▶ _PROBLEM STATEMENT_:
Nothing but the lines below between the line holding "平江縣星火燎原紅色文化教育培訓學校有限公司(關于平江縣星" and the line holding "Andi x Rad Rev", inclusive, should appear in the answer, each set down exactly.

▶ _AVAILABLE DATA_:
————————
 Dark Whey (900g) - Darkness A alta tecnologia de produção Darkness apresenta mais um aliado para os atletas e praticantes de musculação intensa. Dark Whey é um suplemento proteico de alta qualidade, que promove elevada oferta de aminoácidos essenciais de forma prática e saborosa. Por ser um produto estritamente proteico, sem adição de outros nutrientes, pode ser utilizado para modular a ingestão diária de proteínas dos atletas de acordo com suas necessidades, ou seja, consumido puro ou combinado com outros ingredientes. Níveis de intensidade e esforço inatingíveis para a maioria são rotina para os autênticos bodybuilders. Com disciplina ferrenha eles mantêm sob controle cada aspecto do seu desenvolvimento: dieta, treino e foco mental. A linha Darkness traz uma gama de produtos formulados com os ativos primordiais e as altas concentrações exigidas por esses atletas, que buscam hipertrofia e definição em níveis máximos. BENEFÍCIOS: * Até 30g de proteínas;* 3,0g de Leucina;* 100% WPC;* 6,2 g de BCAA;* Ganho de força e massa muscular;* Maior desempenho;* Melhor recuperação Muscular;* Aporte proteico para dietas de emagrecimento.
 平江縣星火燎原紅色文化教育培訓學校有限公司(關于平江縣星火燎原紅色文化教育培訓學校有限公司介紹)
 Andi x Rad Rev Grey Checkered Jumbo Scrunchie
————————
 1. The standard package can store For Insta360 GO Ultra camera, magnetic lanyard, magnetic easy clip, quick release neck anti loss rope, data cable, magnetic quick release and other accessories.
————————
▶ _EXERCISE RESULT_:
 平江縣星火燎原紅色文化教育培訓學校有限公司(關于平江縣星火燎原紅色文化教育培訓學校有限公司介紹)
 Andi x Rad Rev Grey Checkered Jumbo Scrunchie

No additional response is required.